• Collected material:
= Beginning of Section =
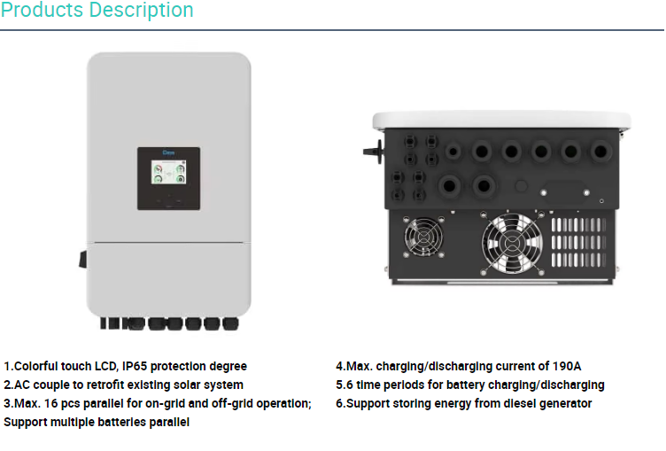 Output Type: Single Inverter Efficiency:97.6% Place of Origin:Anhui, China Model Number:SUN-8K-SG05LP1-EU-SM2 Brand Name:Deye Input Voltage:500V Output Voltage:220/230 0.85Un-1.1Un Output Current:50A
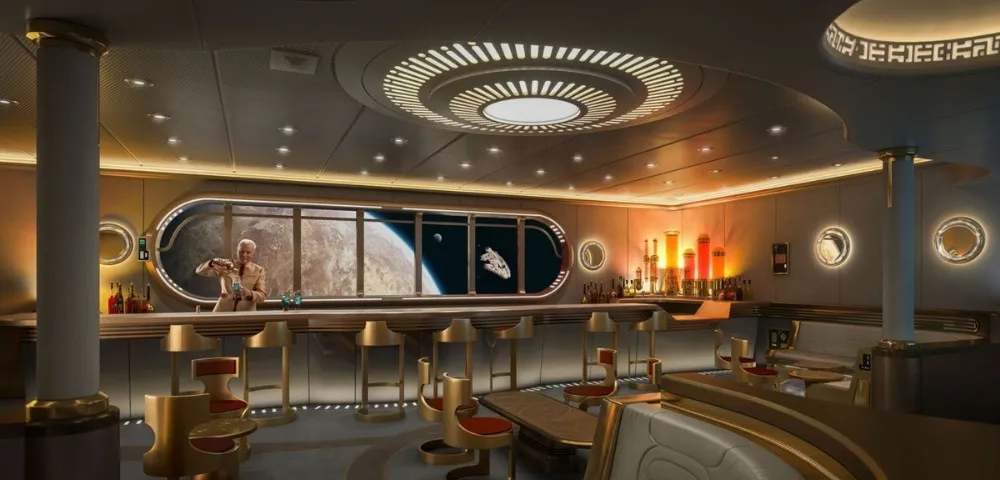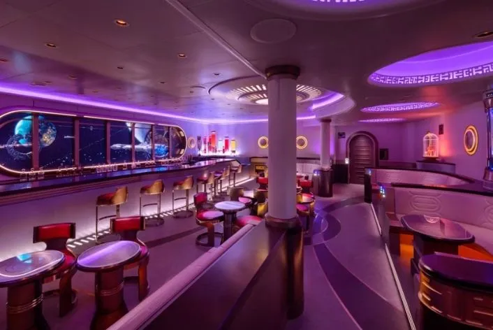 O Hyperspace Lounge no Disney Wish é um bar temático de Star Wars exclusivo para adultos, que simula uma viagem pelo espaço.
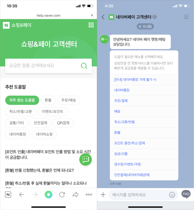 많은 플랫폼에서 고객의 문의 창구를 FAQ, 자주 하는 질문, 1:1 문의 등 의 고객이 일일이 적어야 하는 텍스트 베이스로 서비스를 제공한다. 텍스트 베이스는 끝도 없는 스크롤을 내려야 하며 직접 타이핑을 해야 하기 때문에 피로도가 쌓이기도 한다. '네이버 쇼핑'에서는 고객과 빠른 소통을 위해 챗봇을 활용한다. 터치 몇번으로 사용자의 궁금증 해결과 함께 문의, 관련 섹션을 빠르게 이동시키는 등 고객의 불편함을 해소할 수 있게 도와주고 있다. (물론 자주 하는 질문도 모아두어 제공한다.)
= End of Section =
The listing above must be repeated exactly, apart from the pictures.

 Output Type: Single Inverter Efficiency:97.6% Place of Origin:Anhui, China Model Number:SUN-8K-SG05LP1-EU-SM2 Brand Name:Deye Input Voltage:500V Output Voltage:220/230 0.85Un-1.1Un Output Current:50A
 O Hyperspace Lounge no Disney Wish é um bar temático de Star Wars exclusivo para adultos, que simula uma viagem pelo espaço.
 많은 플랫폼에서 고객의 문의 창구를 FAQ, 자주 하는 질문, 1:1 문의 등 의 고객이 일일이 적어야 하는 텍스트 베이스로 서비스를 제공한다. 텍스트 베이스는 끝도 없는 스크롤을 내려야 하며 직접 타이핑을 해야 하기 때문에 피로도가 쌓이기도 한다. '네이버 쇼핑'에서는 고객과 빠른 소통을 위해 챗봇을 활용한다. 터치 몇번으로 사용자의 궁금증 해결과 함께 문의, 관련 섹션을 빠르게 이동시키는 등 고객의 불편함을 해소할 수 있게 도와주고 있다. (물론 자주 하는 질문도 모아두어 제공한다.)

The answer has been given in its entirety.